Emily Wood: I think it’s been letting go of chasing what looks impressive, like front covers and doing make-up on big names and choosing work that actually feels good. I’m hypersensitive and an introvert, and I thrive in spaces that are calm and genuine. The real highlight has been working with people who make me feel safe and seen. That shift led me to start filming outdoor make-up videos.
They began as a quiet escape and turned into something that completely changed my path. I didn’t expect them to resonate the way they have, but they’ve given me creative freedom and solitude. I now have a deeper connection to both my work and my community, and that has been the most unexpected and fulfilling part of it all.
Who is your beauty icon?
Emily Wood: Grace Jones. I love how she has embodied duality. Masculine and feminine, playful and powerful. The way she creates high-impact lids with pigment applied all the way up to her brow is perfect to me. I love how she makes the contouring around her cheeks and temples feel even more structural by adding bright, contrasting colours to highlight. She layers unexpected pairings like cool metallics and warm mattes. I admire how she made space for contradictions and didn’t ask permission. That’s what beauty is to me.

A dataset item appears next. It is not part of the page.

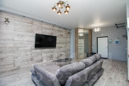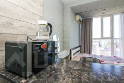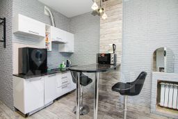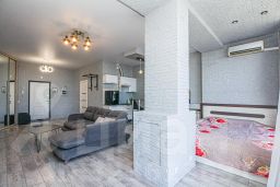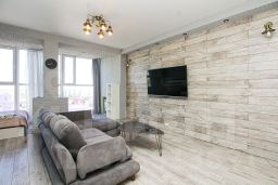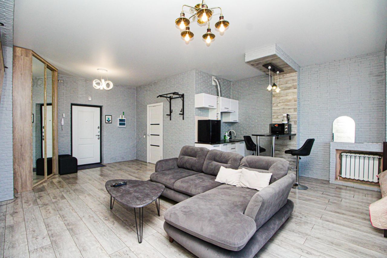 В апартаментах имеется все необходимое для комфортного проживания : двуспальная кровать с ортопедическим матрасом (160х200), двуспальный диван, кондиционер, кухня со всем необходимым (холодильник, варочная панель, микроволновая печь, чайник, а так же посуда, приборы, просторное панорамное окно с удобным диваном и столиком, стиральная машина, фен, утюг, гладильная доска, сушилка для одежды, Smart TV (онлайн-кинотеатры, RUTUBE) и высокоскоростной Wi-Fi, отдельное рабочее место, шкаф купе, шампунь, гель для душа, жидкое мыло, ватные палочки, ватные диски, стиральный порошок, чай, кофе, сахар, соль, масло. На каждого гостя предусмотрено по 2 полотенца.

What is your current obsession?
Emily Wood: Right now, my obsession is deeply listening to my needs. Not in a surface self-care way, but in a very real and uncomfortable way. I used to brush it off when my therapist said that overextending yourself can actually make you physically unwell. But burnout hit me hard. So my obsession is solitude.
Spending time alone and practising not feeling guilty about it. I’ve been trying to give myself permission to truly rest and to let my best friends, the ones who see all the weird corners of me, support me, even when my hyper-independence resists it. I’m also completely consumed by this overwhelming awareness that we don’t have long here, and I want to spend my life doing what matters, not what looks good from the outside and that means letting go of ego and letting people down sometimes.